Source data »
# # # #

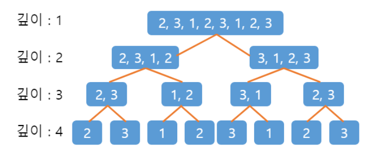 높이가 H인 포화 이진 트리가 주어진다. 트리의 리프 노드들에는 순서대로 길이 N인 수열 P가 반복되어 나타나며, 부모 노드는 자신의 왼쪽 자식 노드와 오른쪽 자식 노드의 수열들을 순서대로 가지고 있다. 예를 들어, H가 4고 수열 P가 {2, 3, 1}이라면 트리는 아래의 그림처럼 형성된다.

# # # #

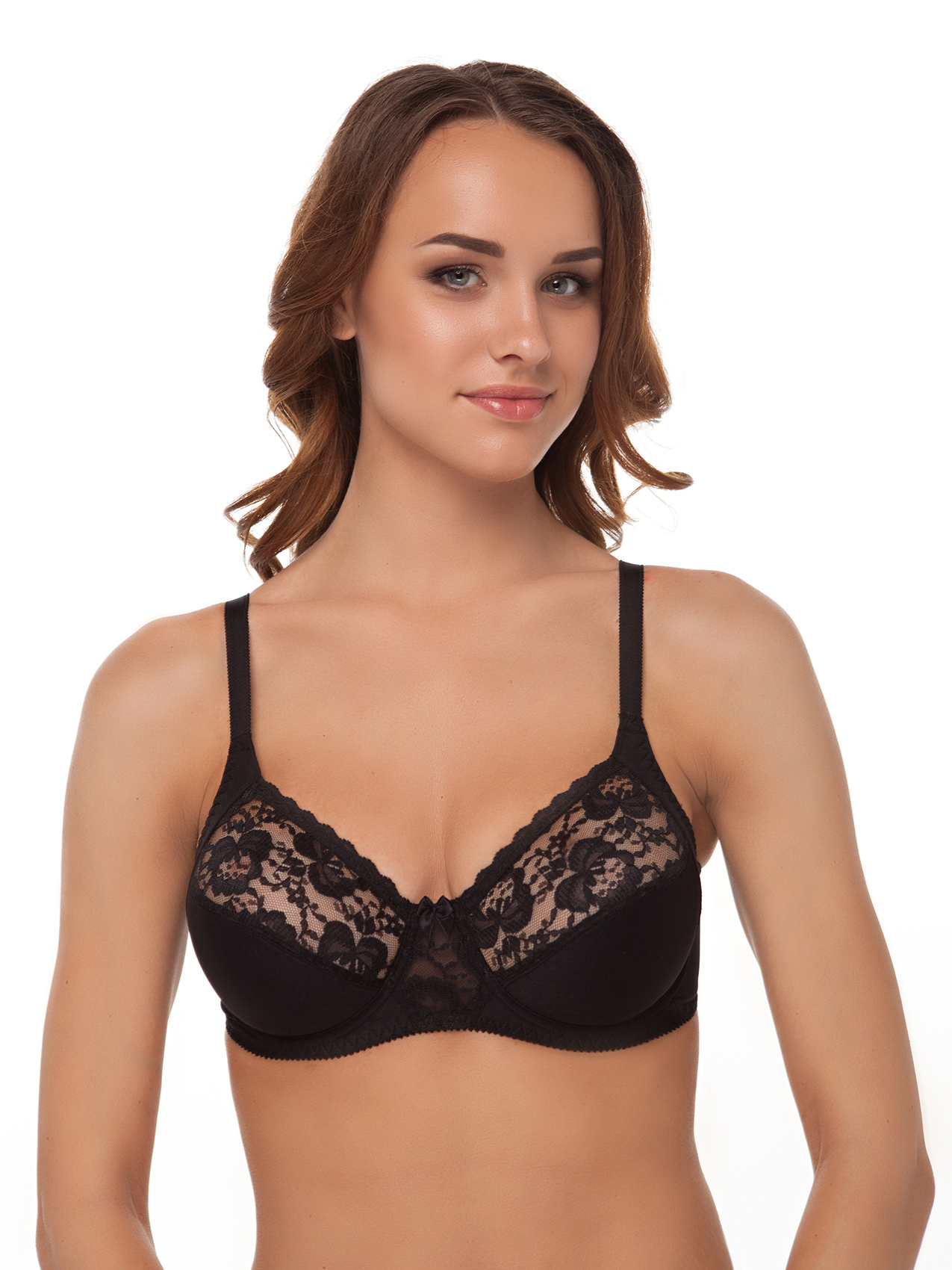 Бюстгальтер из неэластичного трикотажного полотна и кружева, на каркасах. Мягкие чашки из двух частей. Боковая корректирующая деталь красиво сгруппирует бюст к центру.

# # # #

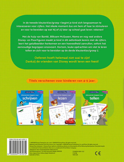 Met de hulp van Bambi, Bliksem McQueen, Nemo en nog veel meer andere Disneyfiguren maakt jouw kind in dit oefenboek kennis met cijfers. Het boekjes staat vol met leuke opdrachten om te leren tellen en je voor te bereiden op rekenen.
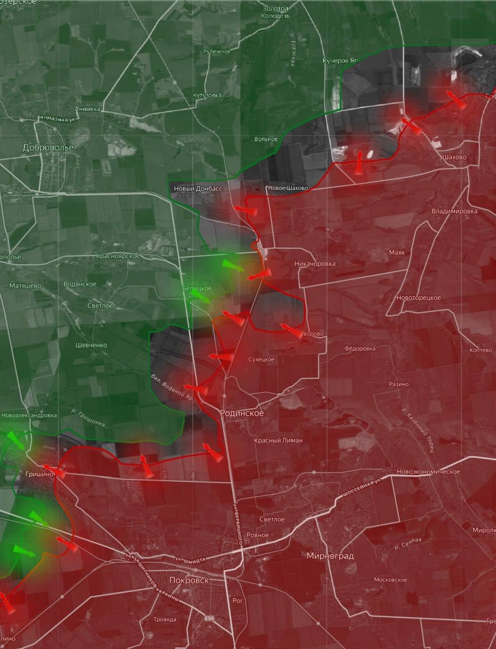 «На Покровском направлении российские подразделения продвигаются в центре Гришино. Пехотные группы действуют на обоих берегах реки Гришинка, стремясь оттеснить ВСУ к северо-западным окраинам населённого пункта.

# # # #

Task instructions » Without the pictures, give again exactly the lines above starting at the line containing "Met de hulp" and ending at the line containing "окраинам населённого пункта.".

Answer space »
 Met de hulp van Bambi, Bliksem McQueen, Nemo en nog veel meer andere Disneyfiguren maakt jouw kind in dit oefenboek kennis met cijfers. Het boekjes staat vol met leuke opdrachten om te leren tellen en je voor te bereiden op rekenen.
 «На Покровском направлении российские подразделения продвигаются в центре Гришино. Пехотные группы действуют на обоих берегах реки Гришинка, стремясь оттеснить ВСУ к северо-западным окраинам населённого пункта.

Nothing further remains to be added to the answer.